O mesmo raciocínio é, obviamente, aplicável a clubes com estratégias, políticas e caminhos perfeitamente identificados. Para o RB Leipzig só faz sentido investir em jogadores jovens, mas para ter os melhores dessas faixas etárias não vai poder ter futebolistas experientes e essa falta de experiência, às vezes, vai notar-se. Para o Athletic Bilbao, jogar só com jogadores bascos é inegociável. Isso dota o clube de uma cultura/identidade única, une os adeptos e cria laços difíceis de serem quebrados. Por outro lado, graças a isso, perde oportunidades de negócio vantajosas e não conta com jogadores em muitos casos talvez melhores do que os que pode contratar. Para o AZ Alkmaar nada faz mais sentido do que formar os jogadores para a equipa principal em vez de os contratar; para o Brentford, a formação não tem qualquer importância e o melhor negócio, desportiva e financeiramente, é contratar bons jogadores, desvalorizados e por preços em conta. As vantagens e desvantagens de ambos os casos não são apenas evidentes, como são aceites e assumidas pelos dois.
Nada disto inviabiliza nem contraria a ideia de que os clubes e os treinadores não devem ter e que não assumam preferência(s) por um determinado modelo de gestão ou uma ideia de jogo específica, desenvolvendo a partir daí o processo que alimentará essas escolhas e os tornará mais preparados e mais fortes.
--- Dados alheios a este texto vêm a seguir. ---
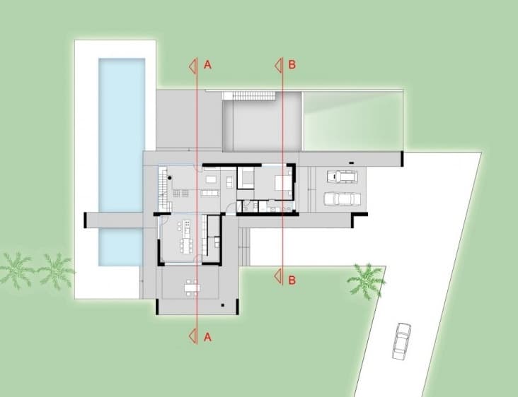 La Villa T tiene la apariencia de ser de una sola planta, aunque la inclinación de una de sus cubiertas permite una doble altura por uno de sus frentes. Precisamente paralela a esta fachada se ha realizado una amplia rampa que baja hasta una planta subterránea, obteniéndose por tanto una casa de tres niveles, con dos de los dormitorios en el sótano (uno de ellos poco ventilado), y otros dos en las plantas más ‘nobles’.

Pelo contrário, quem não define claramente aquilo em que quer ser bom e, por arrasto, não trabalha para melhorar e crescer com base nessas escolhas (porque não as fez) dificilmente será bom em alguma coisa, pelo menos de maneira significativa: isto é, ao ponto de esse vazio (de ideias, de convicções) ser a razão e a causa de vitórias e derrotas.
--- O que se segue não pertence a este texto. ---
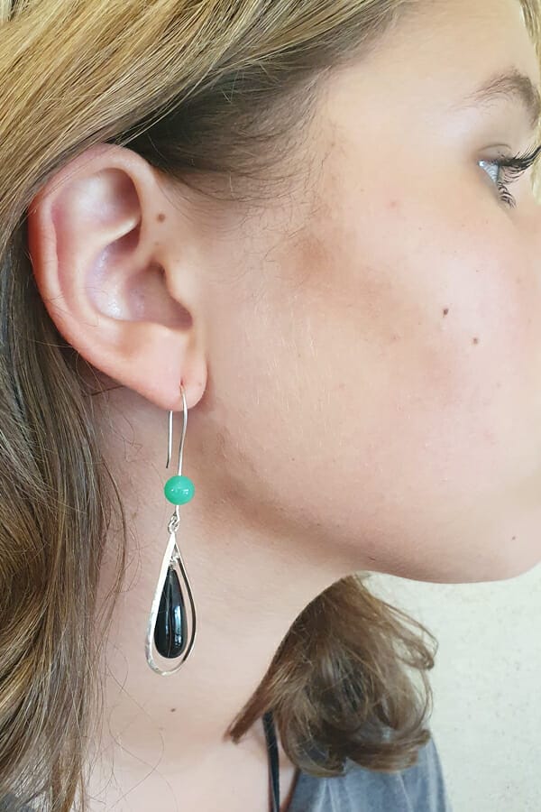 Onyx and chrysoprase silver earrings model

Acredito cada vez mais que, também no futebol, não é possível ser-se o melhor, nem sequer (muito) competente, em tudo, dentro e fora do campo. Mas é precisamente devido a essa impossibilidade que é tão importante definir aquilo em que se quer ser bom, forte e superior aos outros. Perder porque se é muito forte numas coisas e por isso não tão forte noutras é uma coisa boa. Não saber por que se ganha ou perde é o pior de tudo.